1Johns Hopkins Medicine, Baltimore, MD, 2The University of Chicago,Chicago, IL. 3Advocate Children's Hospital, Chicago, IL

Objective(s): Severe progressive pulmonary vein (PV) stenosis remains very difficult to manage with limited treatments. Several growth factors, including VEGF, PDGF and TGF-β1, are involved in PV stenosis. However, increased knowledge of the downstream signaling cascades is needed to develop effective clinical interventions. Calpain provides an interesting candidate therapeutic target, since it is activated by EGF, PDGF and TGF-β1. We have also discovered that calpain-9 is associated with cell proliferation and fibrosis. In this study, we examined the role of calpain-9 in PV stenosis.
Methods: Non-stenosis (Ns-PV) and stenosis PV with vascular stents (S-PV) were harvested from a patient with congenital PV stenosis.
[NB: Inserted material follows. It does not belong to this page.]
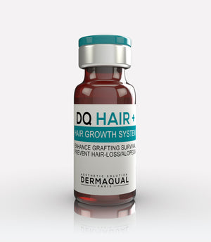 DQ HAIR+ is a hair-restorative solution. Each vial contains a powerful combination of vitamin B complex (panthenol + pyridoxine + thiamine + biotin) and mineral salts, essential for revitalizing, protecting, and promoting hair growth. DQ HAIR+ is specifically formulated to accelerate hair growth; it restores and increases local microcirculation in the scalp. DQ HAIR+ provides nutritional input and slows the programmed process of follicular involution (stops hair loss). By reactivating the capillary formation process, it also speeds the formation of new hair follicles and provides them necessary nutrients. Panthenol (vitamin B5) acts as a precursor to coenzyme A (CoA), necessary for acetylation reactions. CoA is the cofactor of one of the most important enzymes of the intermediate metabolism; it acts as a cleanser for the scalp and hair follicles by reducing excess secretions of the sebaceous glands. The Iron in gluconate salt plays an important role in the oxidative and hydrogen transport system of the hair follicle. Biotin (vitamin B7) stimulates the production of elastin, helps in the formation of fatty acids, and promotes healthy hair. DQ HAIR+ is a groundbreaking new treatment that helps reactivate dormant hair follicles, leaving hair lush, strong, healthy, and shiny.
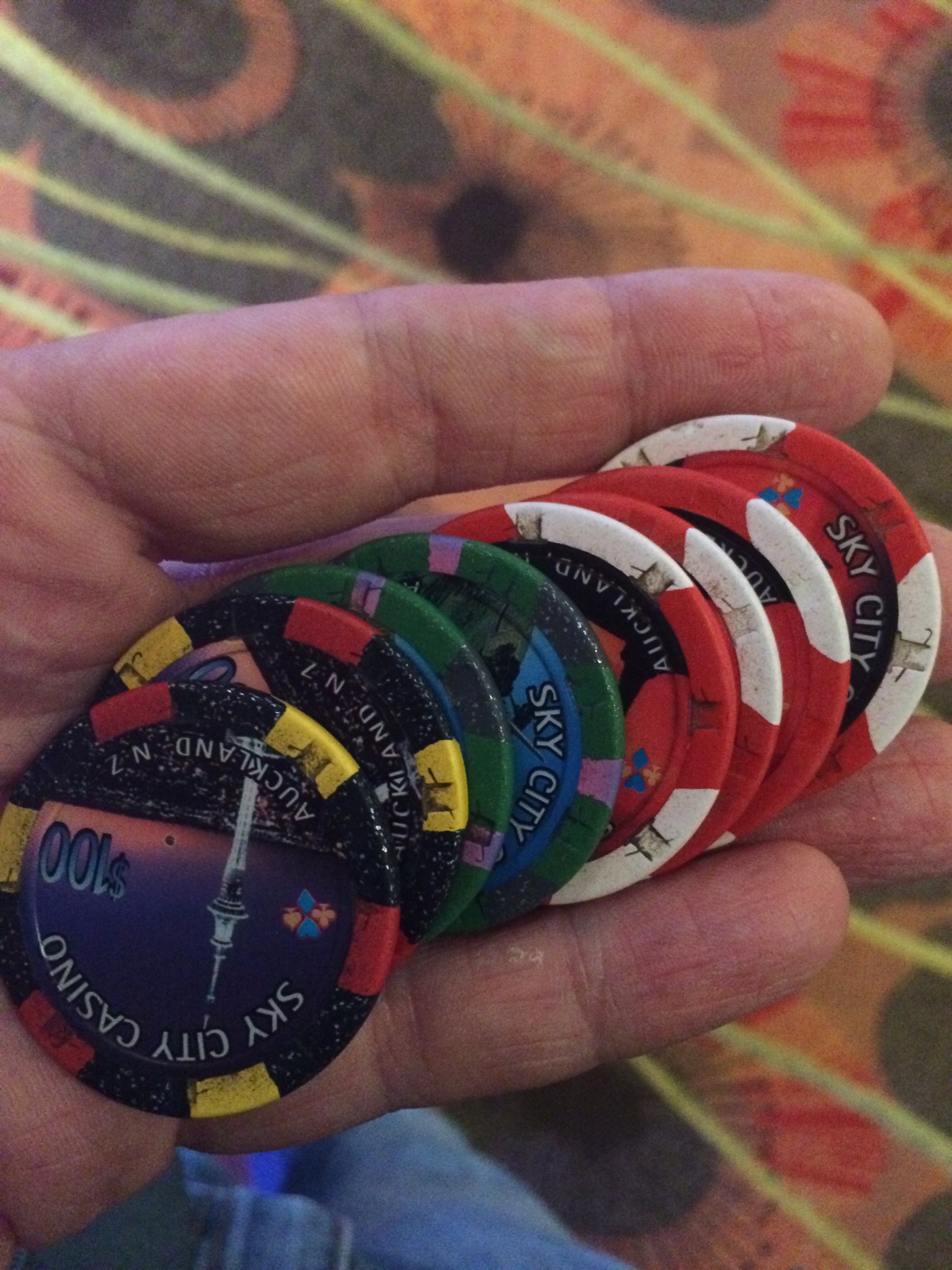 Che cavolo! Alla fine lo so che live, se gioco concentrato, non sono l’ultimo dei fessi! Tornato sul luogo del delitto di ieri, lo skycity casino di Auckland, e questa volta sono arrivato secondo. Certo non è stata facile e più volte mi sono trovato sul punto di uscire. Certo ho avuto qualche mano fortunata ma del resto senza quelle no si va da nessuna parte. Ho anche rischiato di uscire con AQ in mano, QQ3 sul piatto e trovando 33 dall’altra parte. Però sono stato bravo, non mi sono infilato in mani stupide, ho foldato mani difficili da foldate e alla fine mi sono trovato all’heads up da cortissimo contro un asiatico insopportabile. Va bene così. Il bilancio di due giorni è positivo e domani la maglia degli all blacks è pagata.

H&E, Masson-Trichrome and calpain-9 staining were performed to measure intimal thickness and the number of calpain-9 positive cells. Furthermore, we examined the role of calpain-9 in neointimal hyperplasia using a mouse wire injury model.
Results: Intimal thickness of human PV was significantly greater in S-PV than Ns-PV (470.0±123.6 vs 128.8±40.2µm, P<0.01). The number of calpain-9 positive cells tended to be higher in S-PV than Ns-PV (16.6±6.2 vs 13.7±4.5/HPF, P=0.09). In a mouse model, the number of calpain-9 positive cells were significantly higher in wire injure group with significant intimal hyperplasia formation compared to the control group (45.9±10.9 vs 16.7±5.9/intima, P<0.01).
Conclusions: Calpain-9 is likely to be associated with intimal hyperplasia in human PV stenosis. Further study using a mouse wire injury model will be able to identify the detail effect of calpain-9 on intimal hyperplasia, which could develop a new target for the treatment of PV stenosis.